Former Gov. Pat McCrory told CLC that one of his proudest successes was reforming transportation planning. “In the past 50 years we built roads based on where the powerful politicians lived, Republicans and Democrats, and I said that’s not the way to do it because it is inefficient, and we are often building roads where we don’t need it and it was costing hundreds upon hundreds of million dollars of inefficiency by politicizing road building,” he said.
“So what we did was set a formula based upon traffic safety and economic development.
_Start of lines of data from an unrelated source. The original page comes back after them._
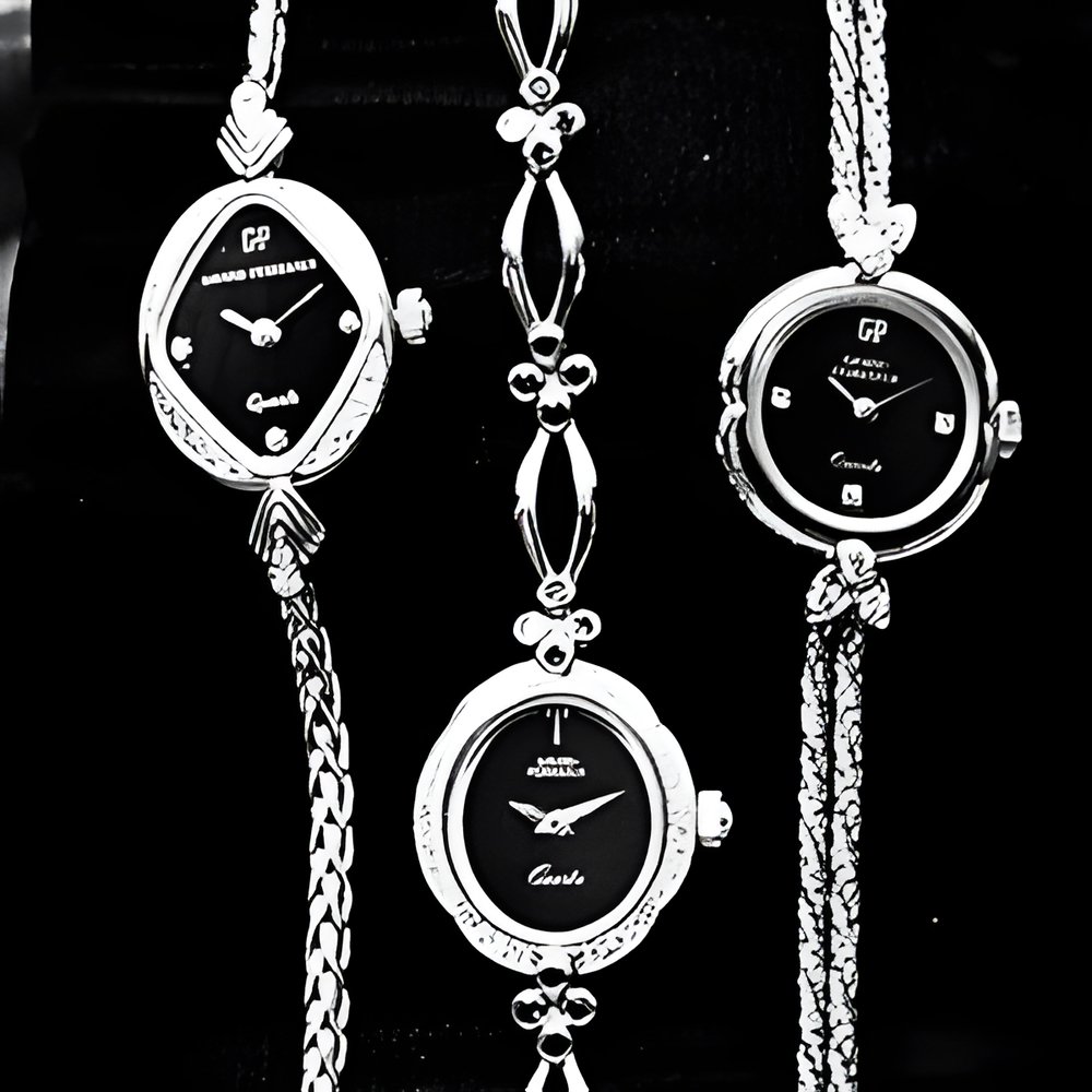 From the new Girard-Perregaux jewellery collection come these three extremely refined designs in 18K yellow gold with cases or bracelet links set with diamonds and chain bracelets or oval-links decorated with flush-set rubies and sapphires. Compact, extra-thin quartz movements. (GIRARD-PERREGAUX)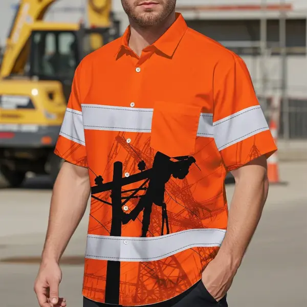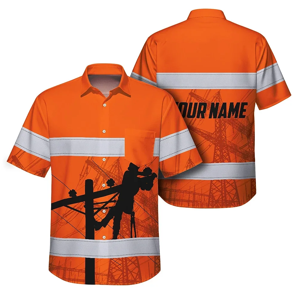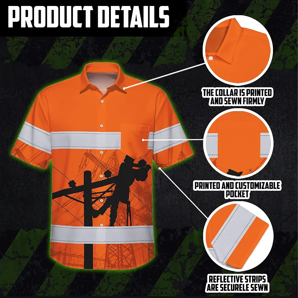 Be the first to review “Hi Vis Hawaiian Shirt Reflective Tapes Orange Lineman Custom Name Safety Workwear”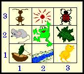 Наиболее оптимальный размер координатной плоскости при работе со сказками - 10 * 10. Плоскость, содержащая 100 картинок, может "уместить" до пятнадцати - двадцати сказок и предполагает их дифференцирование по уровню сложности (в зависимости от количества пропущенных слов и координат клеток с соответствующими им картинками).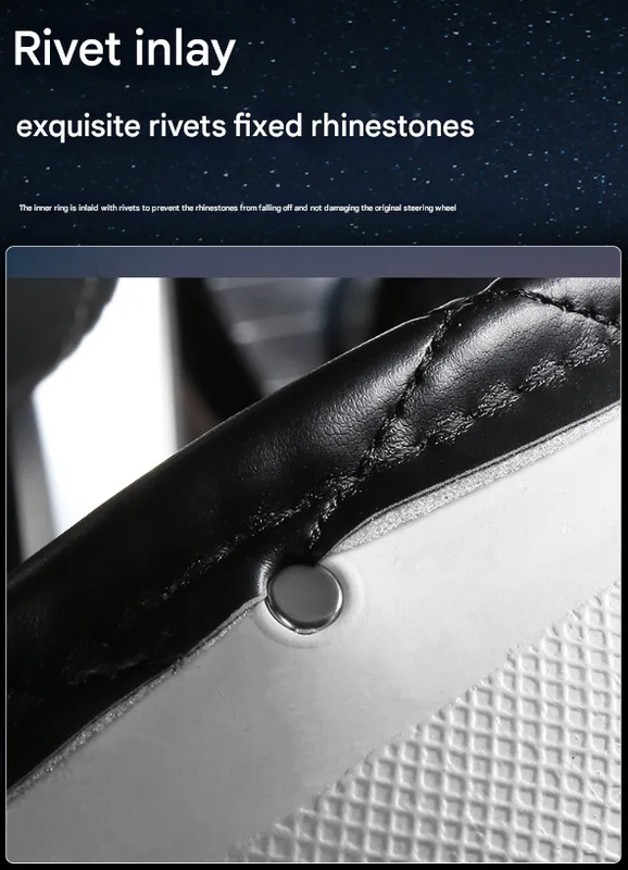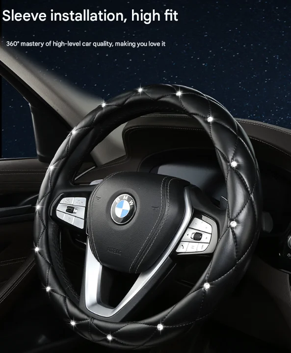 Elevate your car's interior from ordinary to extraordinary with this luxurious quilted steering wheel cover. Combining the timeless elegance of diamond-stitched leather with the dazzling sparkle of high-quality rhinestones, this cover provides a sophisticated look, a comfortable grip, and a touch of personal flair to your vehicle.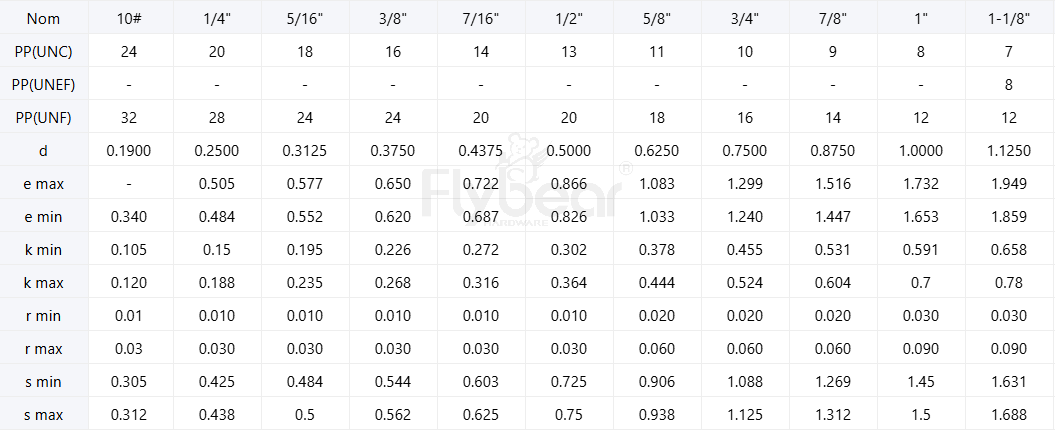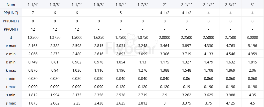 標(biāo)準(zhǔn)號:ASMEB18.2.1-2012Table2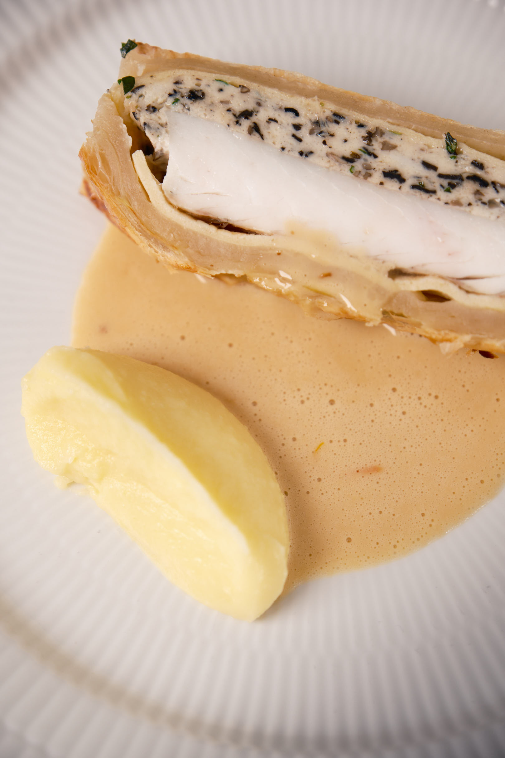 Serveret med kartoffelpuré, pighvarfumé og sprød marineret salat.
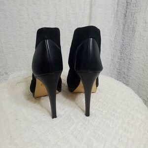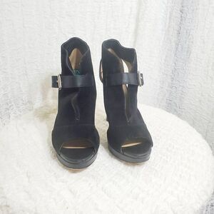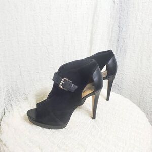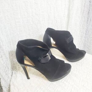 MICHAEL Michael Kors Black Isabella suede ankle boots featuring open toe, V neck and buckled strap. Stilleto heels. Pre-owned in good condition. Please refer to pictures for best description, and condition verification.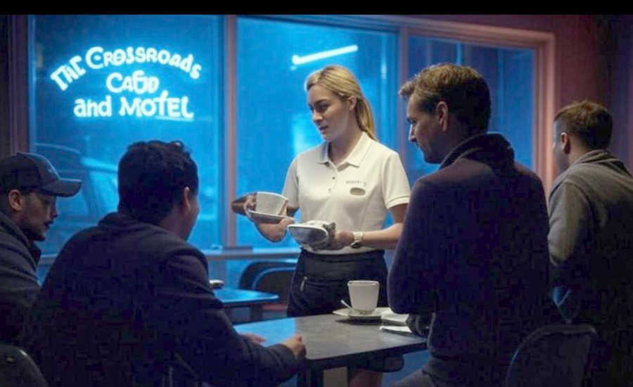 Неоновият надпис трептеше на фона на потъмняващото небе, хвърляйки непостоянни сини сенки върху паркинга на „The Crossroads Cafe and Motel“. Ели избърса плота за стотен път тази вечер, движенията й бяха механични, но грациозни, като танцьорка, изпълняваща добре отрепетирано изпълнение. Хромираните повърхности отразяваха нейния образ – млада жена с коса с цвят на мед, вързана на чиста опашка, зелени очи, които сякаш винаги гледаха отвъд хоризонта, и лице, за което клиентите често казваха, че принадлежи на кориците на списание, а не на персонал от закусвалнята.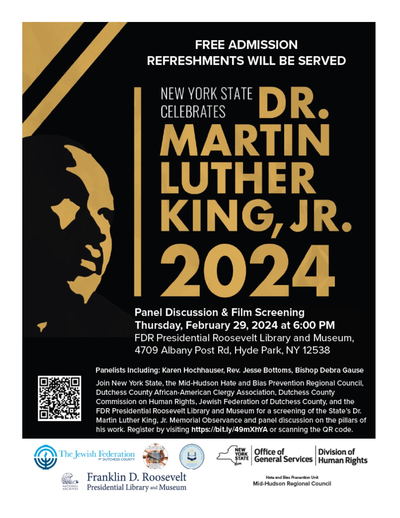 NOTE: DATE CHANGE! NYS Celebrates Dr. Martin Luther King, Jr. 2024 Panel Discussion & Film Screening Thursday, February 29th: 6pm at Franklin D.Roosevelt Presidential Library and Museum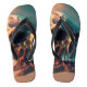 Un grand crâne est posé sur le sable dans l'océan, dans le style de paysages 3D surréalistes, palette de couleurs intenses, redshift, illustrations vibrantes, paysages photoréalistes, explorations texturales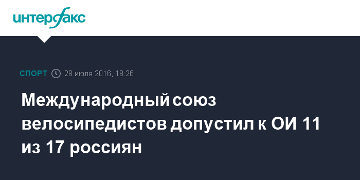 Москва. 28 июля. INTERFAX.RU - Международный союз велосипедистов (UCI) разрешил выступить в летней Олимпиаде в Рио-де-Жанейро 11 гонщикам сборной России, говорится в сообщении пресс-службы организации.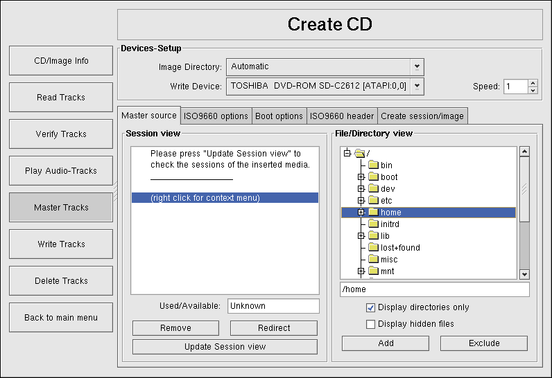 Çϵå¿þ¾î °íÀåÀ̳ª ÆÄÀÏ ½Ã½ºÅÛ ¼Õ»ó¿¡ ´ëºñÇÏ¿© ÀÚÁÖ °³ÀÎ¿ë µ¥ÀÌÅÍ¿Í Á¤º¸¸¦ ¹é¾÷ÇÏ´Â °ÍÀº ¾ðÁ¦³ª ±ÇÀåµÇ´Â »çÇ×ÀÔ´Ï´Ù. X-CD-Roast´Â ¿©·¯ºÐÀÌ CD »ý¼º(Create CD) ¹öưÀ» »ç¿ëÇÏ¿© ÇÏµå µå¶óÀÌºê ÆÄÆ¼¼ÇÀÇ ÆÄÀÏÀ» ¹é¾÷ÇÒ ¼ö ÀÖ°Ô ÇØÁÝ´Ï´Ù. Master Tracks ¹öưÀ» »ç¿ëÇÏ¿© ÆÄÀϰú µð·ºÅ丮¸¦ ÇϳªÀÇ CD ¼¼¼ÇÀ¸·Î Ãß°¡ÇÒ ¼ö ÀÖ½À´Ï´Ù. Master Tracks ´ëÈ »óÀÚ ³»¿¡´Â °í±Þ ¼ÂÆÃÀ» ¼³Á¤ÇÒ ¼ö ÀÖ°Ô ÇØÁÖ´Â ´Ù¸¥ ¿É¼ÇµéÀÌ Á¸ÀçÇÏÁö¸¸, ±âº» ¼³Á¤ÀÌ ÀÌ¹Ì µ¥ÀÌÅÍ CD-ROMÀ» »ý¼ºÇÒ ¼ö ÀÖµµ·Ï Á¦´ë·Î ¼³Á¤µÇ¾î Àֱ⠶§¹®¿¡ ´õ ÀÌ»óÀÇ ¼³Á¤Àº ÇÊ¿äÇÏÁö ¾Ê½À´Ï´Ù. ±×¸² 4-10Àº Àüü /home µð·ºÅ丮¸¦ ¹é¾÷Çϱâ À§ÇØ ÁغñÇϰí ÀÖ´Â ¼¼¼ÇÀ» º¸¿©ÁÝ´Ï´Ù.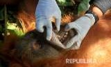 Seekor orangutan sumatra (Pongo abelii) diperiksa saat dilakukan proses evakuasi oleh petugas Yayasan Ekosistem Lestari-Sumatran Orangutan Conservation Programme (YEL-SOCP) dan BKSDA Aceh di Desa Geulagang Gajah, Kuala Bate, Aceh Barat Daya, Aceh, Jumat (3/8). (FOTO : Antara/Syifa Yulinnas)
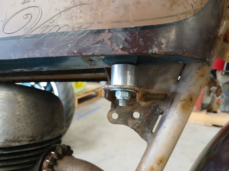 J'ai refabriqué deux vis de fixation de réservoir qui étaient manquante et fait des entretoises pour surélever le réservoir qui était trop proche du cache culbuteur.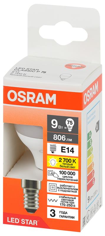 4058075696143 | Лампа светодиодная LED Star 9Вт 2700К тепл. бел. E14 806лм P угол пучка 180град. 170-250В (замена 75Вт) матов. пластик OSRAM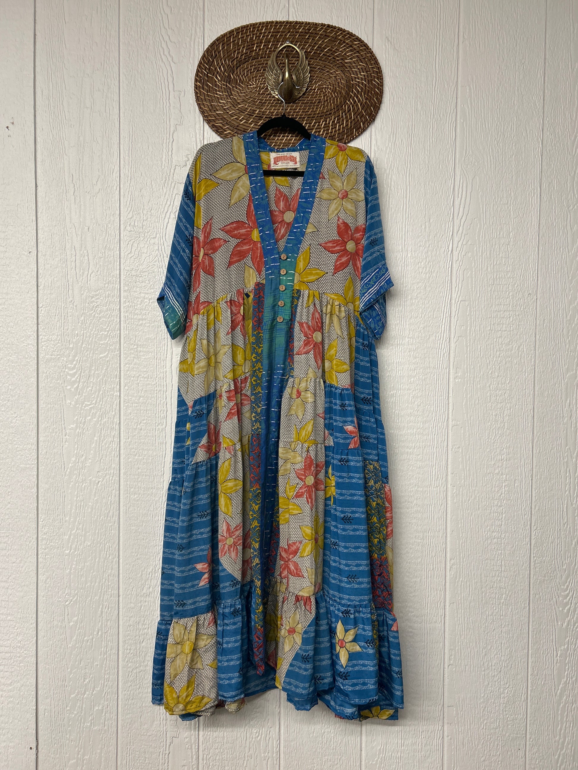 Disclosure: Our vintage styles have lived a full life before becoming the designs in our shop. Fabrics may have small threads or holes in the layers. Color inconsistency or small stains may be present. The saris are sewn together and extend the life of each design. Imperfections should be celebrated.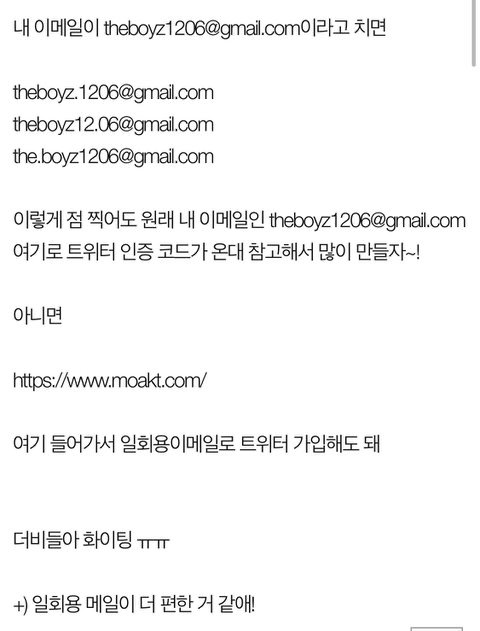 총공팀 트윗보니까 우리가 팔로우 증가 추이가 낮은편이래 ㅠㅠ 구글 계정 하나로 트위터 계정 여러개 생성 할 수 있으니까 사진 참고해서 만들자!

Neither the bureaucrats decided nor the politicians decided, the numbers decided where we build roads in North Carolina. We literally built 30 percent more roads once we took the politics out of road building.
“I am concerned that in the future both my Republican friends and my Democrat friends are going to want to go back to the old system. In fact if we did not have that formula right now Gov. (Roy) Cooper would be selling roads throughout the state and frankly some of our legislators would be selling roads throughout the state, and making deals.”
Ann McElhinney
Journalist Ann McElhinney told CLC attendees about how she and her husband, Phelim McAleer, have been making a movie about notorious abortionist Kermit Gosnell.
Gosnell performed illegal abortions, some fatal, and even killed babies born alive, in a filthy clinic as cats wandered around, women in agonizing pain sat alone all day, and garbage piled up. Yet the authorities refused to even inspect his clinic. He might never have been imprisoned for life for his crimes except for the heroic work of Philadelphia police detective Jim Wood, who fought through an array of obstacles to help secure Gosnell’s conviction.
“Nobody cared about [Gosnell’s clinic] till Jim Wood came along,” McElhinney said. That should inspire us, she added. “Don’t let anyone tell you one person can’t change the world.”
Lawson Bader
Maintaining the privacy of individual donors is essential for our democratic system, according to Lawson Bader, president of DonorsTrust.
Efforts to expose the names of all political donors are an attack on their privacy, which has been “an inherent part of American democracy since the Federalist Papers, which were published anonymously,” he said.
Going back to the days of Daniel Webster, our political system and the courts have recognized the value of independent, private institutions. And courts have defended this tradition.
For example, consider a key case from the days of Jim Crow, when the South was solidly Democratic. Alabama’s state government wanted to force the NAACP to reveal the names of its donors – an obvious attempt to intimidate them – and even ban the group from the state. But the U.S. Supreme Court affirmed “ the vital relationship between freedom to associate and privacy in one’s associations,” and ruled in favor of the NAACP.
In short, Bader concluded, civil society requires a flourishing charitable sector, and that truly private philanthropy is indeed “democracy in action.”